#### What is expected:
Drop the images, then output the listing exactly.

=== Dataset extract ===

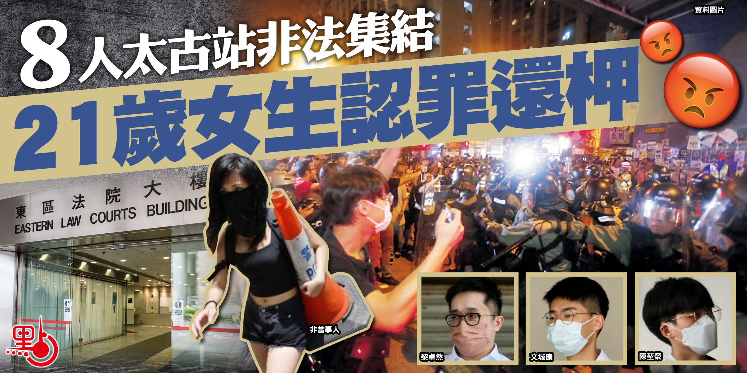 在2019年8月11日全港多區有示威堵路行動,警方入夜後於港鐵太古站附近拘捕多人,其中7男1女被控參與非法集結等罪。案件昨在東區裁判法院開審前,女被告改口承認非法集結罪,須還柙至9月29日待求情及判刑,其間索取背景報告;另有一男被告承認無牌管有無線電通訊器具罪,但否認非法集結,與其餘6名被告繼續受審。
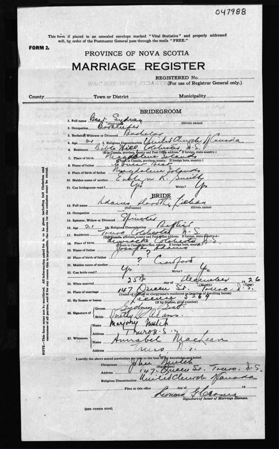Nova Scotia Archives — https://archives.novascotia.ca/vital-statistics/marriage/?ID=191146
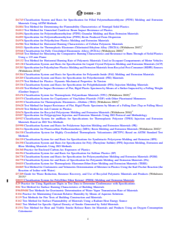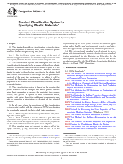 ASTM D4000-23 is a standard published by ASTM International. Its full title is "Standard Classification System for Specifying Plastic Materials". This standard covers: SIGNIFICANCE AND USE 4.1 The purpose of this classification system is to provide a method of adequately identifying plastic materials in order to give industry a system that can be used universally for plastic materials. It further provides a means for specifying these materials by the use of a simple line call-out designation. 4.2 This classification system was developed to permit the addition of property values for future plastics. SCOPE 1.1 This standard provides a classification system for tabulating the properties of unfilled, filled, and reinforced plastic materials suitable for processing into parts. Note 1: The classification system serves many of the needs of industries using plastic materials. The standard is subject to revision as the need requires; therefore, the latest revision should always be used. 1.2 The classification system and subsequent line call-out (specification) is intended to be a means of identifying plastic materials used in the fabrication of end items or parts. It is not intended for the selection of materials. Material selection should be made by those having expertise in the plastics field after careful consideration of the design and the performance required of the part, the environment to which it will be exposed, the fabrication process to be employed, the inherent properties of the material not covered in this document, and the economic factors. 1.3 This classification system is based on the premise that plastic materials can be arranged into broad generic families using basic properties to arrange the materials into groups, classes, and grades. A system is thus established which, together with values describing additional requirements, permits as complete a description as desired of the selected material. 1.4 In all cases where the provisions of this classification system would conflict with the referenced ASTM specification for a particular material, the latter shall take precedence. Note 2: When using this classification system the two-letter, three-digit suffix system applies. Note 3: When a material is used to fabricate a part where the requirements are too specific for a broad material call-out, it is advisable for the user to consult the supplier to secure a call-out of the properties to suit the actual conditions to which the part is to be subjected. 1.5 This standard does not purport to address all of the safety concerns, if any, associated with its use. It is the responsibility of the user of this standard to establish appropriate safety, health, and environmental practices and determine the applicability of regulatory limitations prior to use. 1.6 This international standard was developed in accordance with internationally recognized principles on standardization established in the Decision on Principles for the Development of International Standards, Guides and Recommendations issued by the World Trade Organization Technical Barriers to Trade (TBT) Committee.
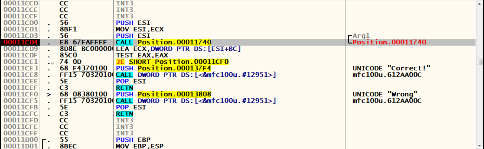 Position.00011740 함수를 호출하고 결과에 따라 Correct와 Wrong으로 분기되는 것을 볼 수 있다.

===

#### Reply to the task:
 在2019年8月11日全港多區有示威堵路行動,警方入夜後於港鐵太古站附近拘捕多人,其中7男1女被控參與非法集結等罪。案件昨在東區裁判法院開審前,女被告改口承認非法集結罪,須還柙至9月29日待求情及判刑,其間索取背景報告;另有一男被告承認無牌管有無線電通訊器具罪,但否認非法集結,與其餘6名被告繼續受審。
Nova Scotia Archives — https://archives.novascotia.ca/vital-statistics/marriage/?ID=191146
 ASTM D4000-23 is a standard published by ASTM International. Its full title is "Standard Classification System for Specifying Plastic Materials". This standard covers: SIGNIFICANCE AND USE 4.1 The purpose of this classification system is to provide a method of adequately identifying plastic materials in order to give industry a system that can be used universally for plastic materials. It further provides a means for specifying these materials by the use of a simple line call-out designation. 4.2 This classification system was developed to permit the addition of property values for future plastics. SCOPE 1.1 This standard provides a classification system for tabulating the properties of unfilled, filled, and reinforced plastic materials suitable for processing into parts. Note 1: The classification system serves many of the needs of industries using plastic materials. The standard is subject to revision as the need requires; therefore, the latest revision should always be used. 1.2 The classification system and subsequent line call-out (specification) is intended to be a means of identifying plastic materials used in the fabrication of end items or parts. It is not intended for the selection of materials. Material selection should be made by those having expertise in the plastics field after careful consideration of the design and the performance required of the part, the environment to which it will be exposed, the fabrication process to be employed, the inherent properties of the material not covered in this document, and the economic factors. 1.3 This classification system is based on the premise that plastic materials can be arranged into broad generic families using basic properties to arrange the materials into groups, classes, and grades. A system is thus established which, together with values describing additional requirements, permits as complete a description as desired of the selected material. 1.4 In all cases where the provisions of this classification system would conflict with the referenced ASTM specification for a particular material, the latter shall take precedence. Note 2: When using this classification system the two-letter, three-digit suffix system applies. Note 3: When a material is used to fabricate a part where the requirements are too specific for a broad material call-out, it is advisable for the user to consult the supplier to secure a call-out of the properties to suit the actual conditions to which the part is to be subjected. 1.5 This standard does not purport to address all of the safety concerns, if any, associated with its use. It is the responsibility of the user of this standard to establish appropriate safety, health, and environmental practices and determine the applicability of regulatory limitations prior to use. 1.6 This international standard was developed in accordance with internationally recognized principles on standardization established in the Decision on Principles for the Development of International Standards, Guides and Recommendations issued by the World Trade Organization Technical Barriers to Trade (TBT) Committee.
 Position.00011740 함수를 호출하고 결과에 따라 Correct와 Wrong으로 분기되는 것을 볼 수 있다.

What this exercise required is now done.